Are iterators and ranges going to co-exist?
Steven Schveighoffer
schveiguy at yahoo.com
Thu Jul 22 14:00:26 PDT 2010
On Thu, 22 Jul 2010 16:13:21 -0400, Walter Bright
<newshound1 at digitalmars.com> wrote:
> Steven Schveighoffer wrote:
>>> The algorithm is the one doing the requiring, not the container. So,
>>> if there are standard algorithms some of which require ranges and
>>> others that require interfaces, the container implementor is obliged
>>> to provide both.
>> Now you are just misinterpreting :) Nobody said anything about D
>> interfaces.
>
> I meant iterators, not interfaces. Sorry for the confusion.
OK, sorry for my confusion :) The unquoted message that you responded to
made me think you intended to type interfaces was:
"There aren't two competing interfaces here.

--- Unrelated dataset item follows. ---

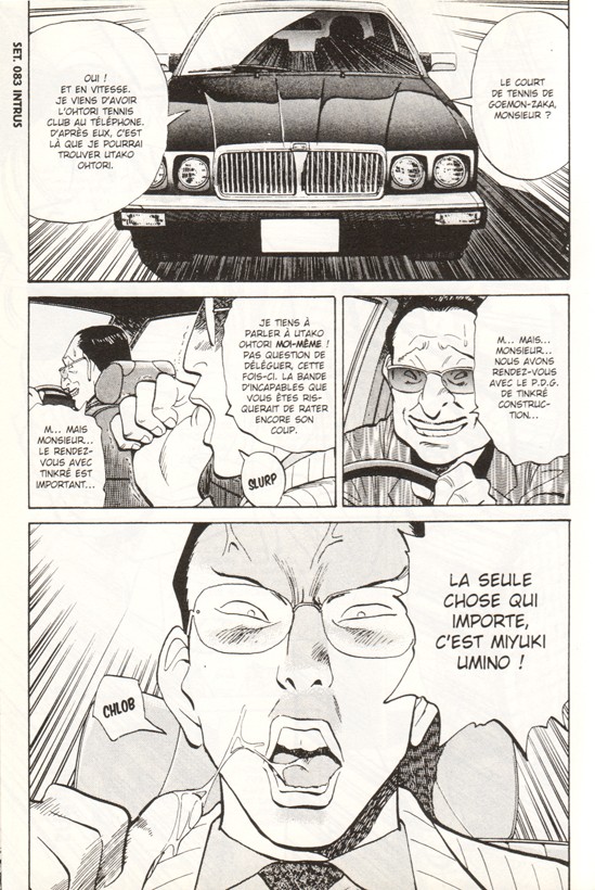 Quand on lit « Happy! », il faut garder son calme. Tout tourne autour du personnage Miyuki. Elle incarne parfaitement le rôle de la victime. Chôko fait tout pour que le public la déteste, pour ne pas qu’elle puisse avoir de sponsor, de logement, de soutien jusqu’à la peine de coeur. Naoki Urasawa la prend comme outil de perversion continue. Elle fait ça parce que c’est quelqu’un de fondamentalement mauvais avec forcément du narcissisme et de l’égocentrisme. Les atouts sont nombreux avec le charme, la facilité de s’exprimer et l’hypocrisie. Elle arrive à dresser pièges après pièges. Malgré tout ça, Miyuki arrive à avancer grâce à sa détermination et ces quelques amis. Elle gagne un premier match à la coupe Cléopatra ce qui n’est pas pour plaire à notre manipulatrice en chef. Par chance, un nouveau dilemme se pose. La victime est face à la question très complexe. Doit-elle perdre exprès pour amasser plus d’argent que nécessaire ou gagner la compétition pour une petite somme mais être honnête. Quelle aubaine pour toute personne tordue. Cette dualité est très marquée et c’est assez insupportable. Entre une vraie peste et une vraie cruche, tout est fait pour sublimer les oppositions. On n’oublie pas la mère de Keichiro totalement égocentrique et antipathique. Elle s’oppose à Kiku qui a toujours le coeur sur la main. Les mecs ne sont pas en reste avec son lot de pervers, vicieux, de malhonnête et quelques gentils. Ces derniers ce comptent sur les doigts d’une main. Heureusement que nous avons quelques scènes de matchs de tennis. Tout est dans l’exagération, dans le cliché et ça tape un peu sur le système. Surtout que c’est répétitif sans trop d’avancée dans le scénario.

If your interface
requires a range of elements, you use a range. If it only needs a
single element, you use a cursor."
From my experience with dcollections, implementing cursors in addition to
ranges is very trivial. Most node-based container types use "iterators",
or pointers to elements underneath ranges anyways. It's generally not an
extra effort to expose them correctly. I think cursors solve the safety
issue quite well.
If you are using duck typing instead of interfaces, it's even easier,
since you can cover both ranges and cursors with one function (you can
make a range out of a cursor, or a pair of cursors from a range very
easily, and then call your implemented function).
Dcollections has a feature where you can swap the underlying
implementation for something completely different. The interface between
the container class and the implementation is some sort of iterator-like
idiom. I plan to homogenize this, and make it better documented.
Hopefully it will become much easier to swap implementations in the future.